Assignment 2
Submission Instructions
Please use the following instructions for submitting your assignment to your Open Learning Faculty Member.
As soon as you have completed all parts of Assignment 2, name and save your document. Send it to your Open Learning Faculty Member for marking by using theAssignments link. Be sure to include your name, the course code, assignment number, and the date of submission on the title page of your assignments, so they can be easily identified, and you can get credit for all your work. Use headers in the body of your written assignments to make sure all components of your assignments are clearly identified (course code, your surname, assignment number, date [day, month, year]).
Name your assignment file as follows: course number_your surname_assignment number_date. For example, if your name is John Smith and you are submitting Assignment 2, name your file: HIST 3991_Smith_Assignment2_14June2014.
How to submit your assignment (PDF)
Note
Keep a copy of your assignment before sending it to your Open Learning Faculty Member for evaluation so you can refer to your assignment during a telephone or email discussion with your Open Learning Faculty Member. Also, in the unlikely event that your assignment is lost, you will have an extra copy of your work. Many student writing manuals today suggest that students keep copies of all early drafts of their work as well, to protect themselves against mistaken charges of plagiarism.
As soon as you have submitted your assignment, and while waiting for your Open Learning Faculty Member to return it, begin the next module.
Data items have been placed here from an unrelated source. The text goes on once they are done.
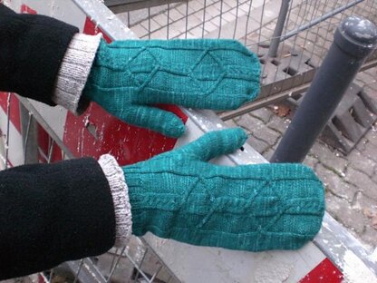 These mitts feature a cable pattern inspired by the “Meridian Socks” (pattern also available). They are worked from the top down, this way you can easily adapt the length to your needs. Also you can choose between the full mittens and the fingerless version.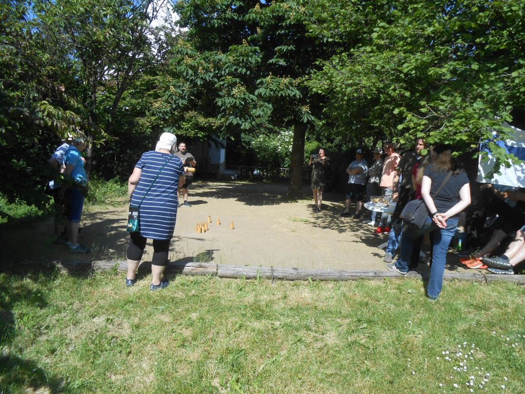 Geocaching Event 3 6 23 (G.Bernhardt) Viel Spaß hatten die Geocacher beim ersten Mölkky-Event Geocacher spielen Mölkky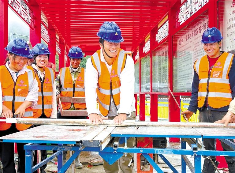 圖為村莊基礎設施提升項目現場,曾求村村民在加工木材。記者 旦增蘭澤 通訊員 朗玲 攝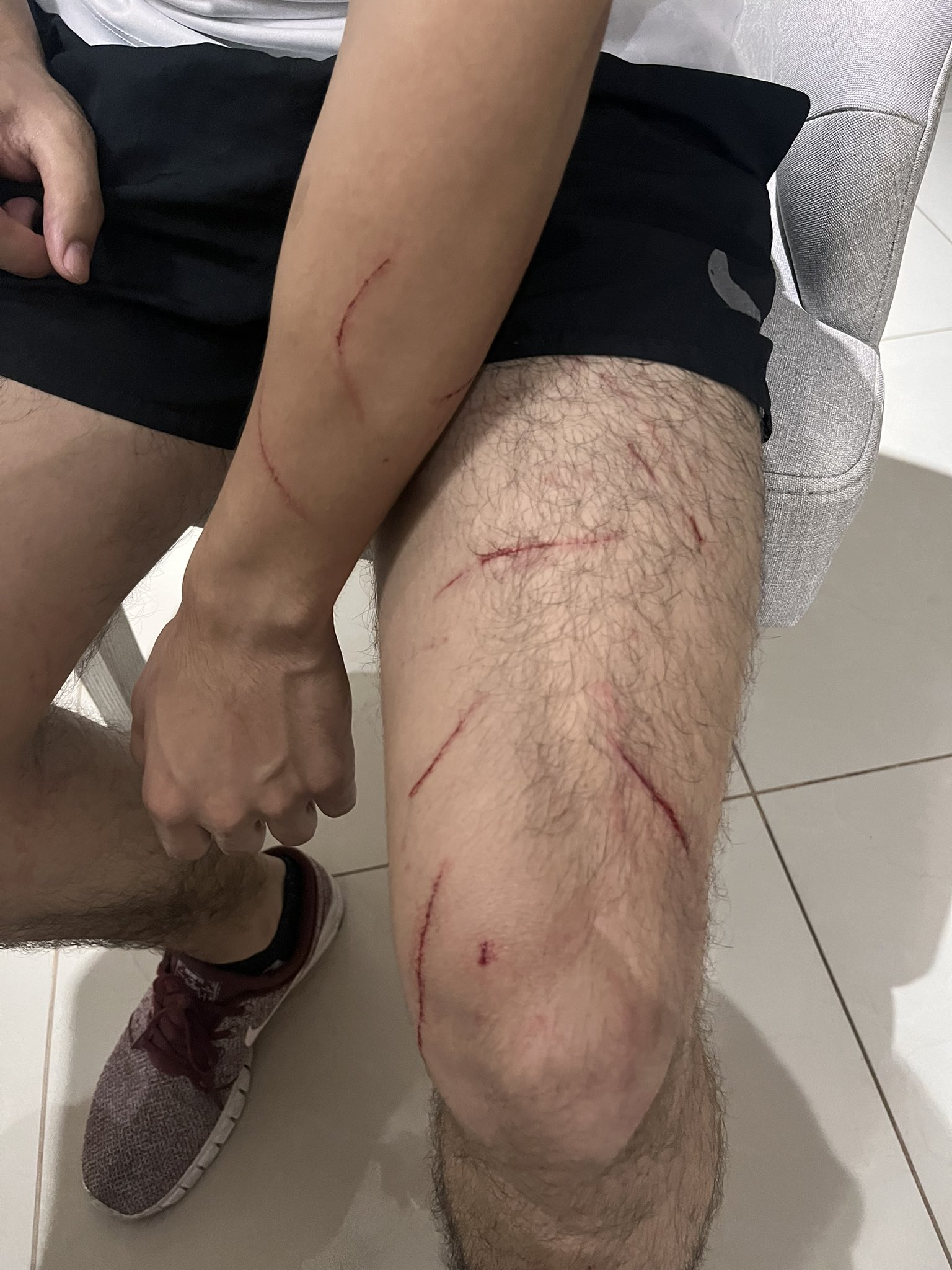 La denuncia del joven estuvo acompaña por una fotografía en la que son visibles los resultados del ataque sufrido. En la imagen, se perciben las múltiples heridas que el atracador le propinó tanto en su pierna como en su brazo en medio del intento de robo.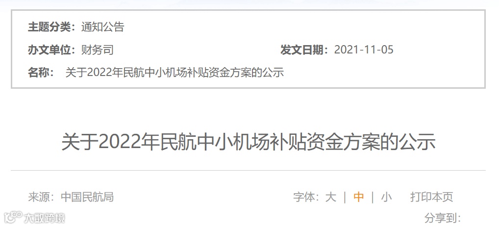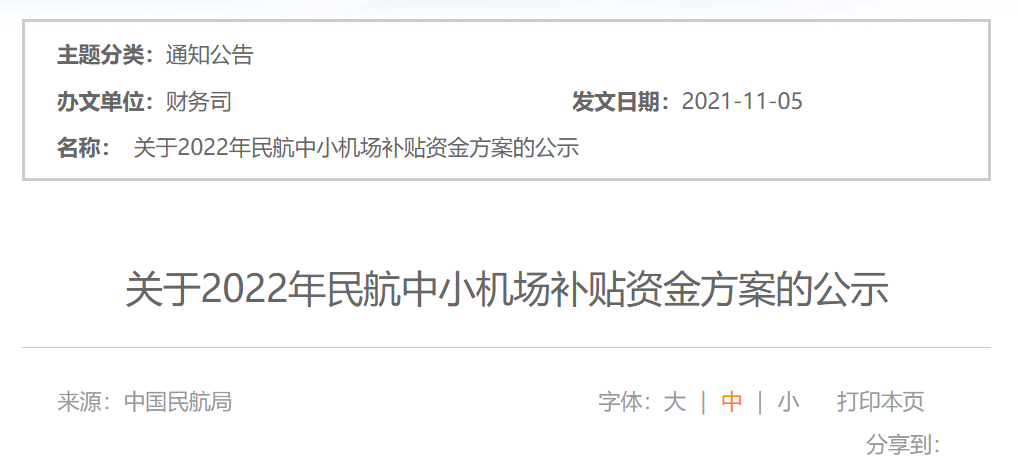 11月5日,民航局财务司发布《关于2022年民航中小机场补贴资金方案的公示》。

When your marked assignment is returned, review your Open Learning Faculty Member’s comments and queries. Take the time to carefully go over the marked assignment. If necessary, reread sections of the textbook or unit commentary that gave you trouble. What lessons can you apply to your next assignment? Phone your Open Learning Faculty Member if you have any questions or problems.
Your Open Learning Faculty Member is responsible for the grade you receive on an assignment. If you disagree with a mark, discuss it with your Open Learning Faculty Member right away. Also, the Open Learning Faculty Member alone decides whether you may or may not rewrite and assignment. You should know, however, that it is not customary to allow revisions of already graded work unless you make a formal appeal. This is why telephone contact with your Open Learning Faculty Member before assignment submission is important—particularly if you are having difficulty
Assignment Instructions
This assignment is worth 12% of your final grade. There are two parts, short and long answer questions related to your course readings.
Short Answer Questions
In four or five sentences, briefly answer five of the following questions. Ten marks each.
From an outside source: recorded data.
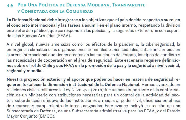 Este domingo la candidata presidencial Yasna Provoste (DC) presento su programa de gobierno y en lo que respecta a la Defensa Naciona (Pág.157 a160), bajo el título: “Por Una Política de Defensa Moderna, Transparente y Conectada con la Comunidad”, define 11 puntos: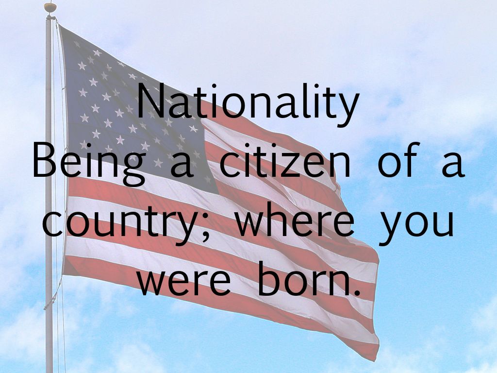 Being a citizen of a country; where you were born.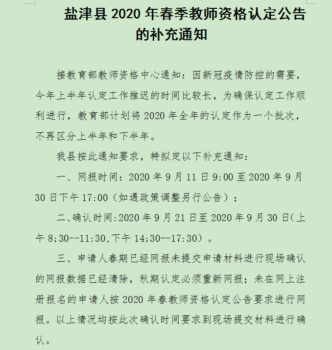 鹽津縣2020年春季教師資格認定公告的補充通知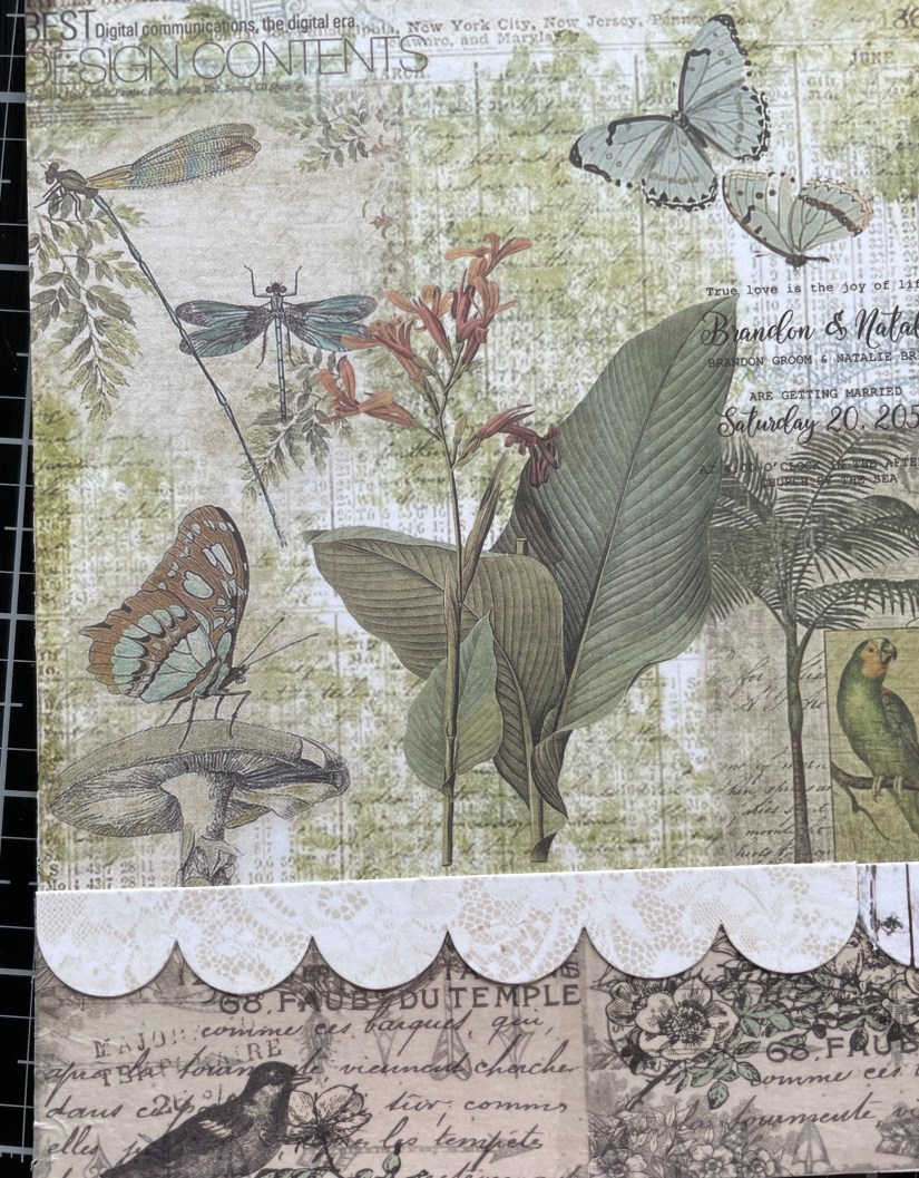 I decided I wanted to use a pocket to house a tag so set about creating the tag using the same method of cutting and sticking chosen pieces which have been inked. I chose a large butterfly to bring the page and pocket together.

1. From the Steinberg textbook, Reflections from a Woodlot explain what were some of the main environmental factors that impeded or facilitated resettlement.
2. After reading Samuel de Champlain’s Voyages, how do you think his target audience e shape his writing?
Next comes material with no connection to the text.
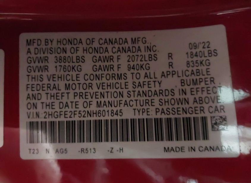 - VIN: 2HGFE2F52NH601845
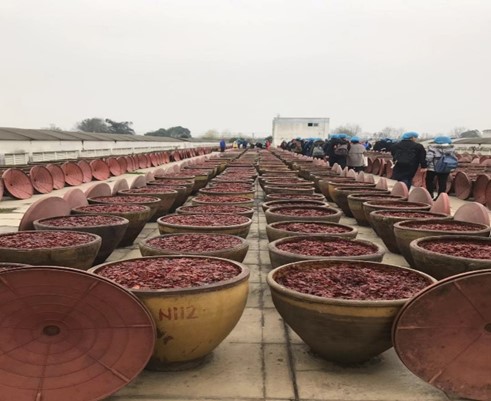上午十点半,参观队伍到达了鹃城牌豆瓣公司。本次实习由鹃城讲解员带领大家参观学习。经讲解员的介绍,同学们了解到了公司的发展历史与豆瓣酱的发酵制作工艺。从辣椒的腌制,豆瓣的处理以及两者混合后的晾晒发酵都有了更为深刻的认识,结合微生物学与发酵工程课上学到的知识,同学们对自己的专业和理论知识都有了更深的认识。

3. Based on Cook’s argument, how important were ecological factors to survival in the New France colony? How do Virginia DeJohn Anderson’s findings compare to Ramsay Cook’s?
4. What is Carl Martin’s main argument regarding the impact of Europeans on the culture of the northeastern Algonquian?
5. In what ways does Charles Bishop refute or contradict Carl Martin’s thesis? How does Carl Martin respond to his critics? Do you think his ecological interpretation is sound?
6. From Steinberg’s chapters 5 and 7 and Joyce Chaplin’s article, explain how access to water shaped power relations in the U.S. South. What impact did water and agriculture have on the enslavement of African peoples in this part of North America?
7. Based upon Donald Worster’s essay and the primary sources “An Advocate Encounters the Irrigators, 1887” and “An Advocate Encounters the Irrigators, 1887”, explain how irrigation was organized in California in the late nineteenth and early twentieth century? Were there alternatives to the model chosen?
Long Answer Questions
Answer two of the following questions. 250-350 words per question. Twenty-five marks each.
1. Considering the environmental challenges of resettlement, how might an environmental history approach change the way historians think about the colonization of North America by European peoples?
2. How did the encounter with capitalism through the fur trade alter the Aboriginal relationship with fur-bearing animals?
3. How did the control over water through the use of different irrigation technologies alter social power relations in the U.S. South and West?
4. The following criteria will be used to evaluate your answers.
Criteria
Weighting
Your response adequately addresses/answers the question.
/10
Your response demonstrates critical and thoughtful reflection on the readings, videos, and other course materials. It synthesizes ideas from the course material and includes your own interpretation/response.
/10
Your response is written in clear, fluent, and technically correct prose. (Note that the writing is less formal than an essay, so you may write in the first person.)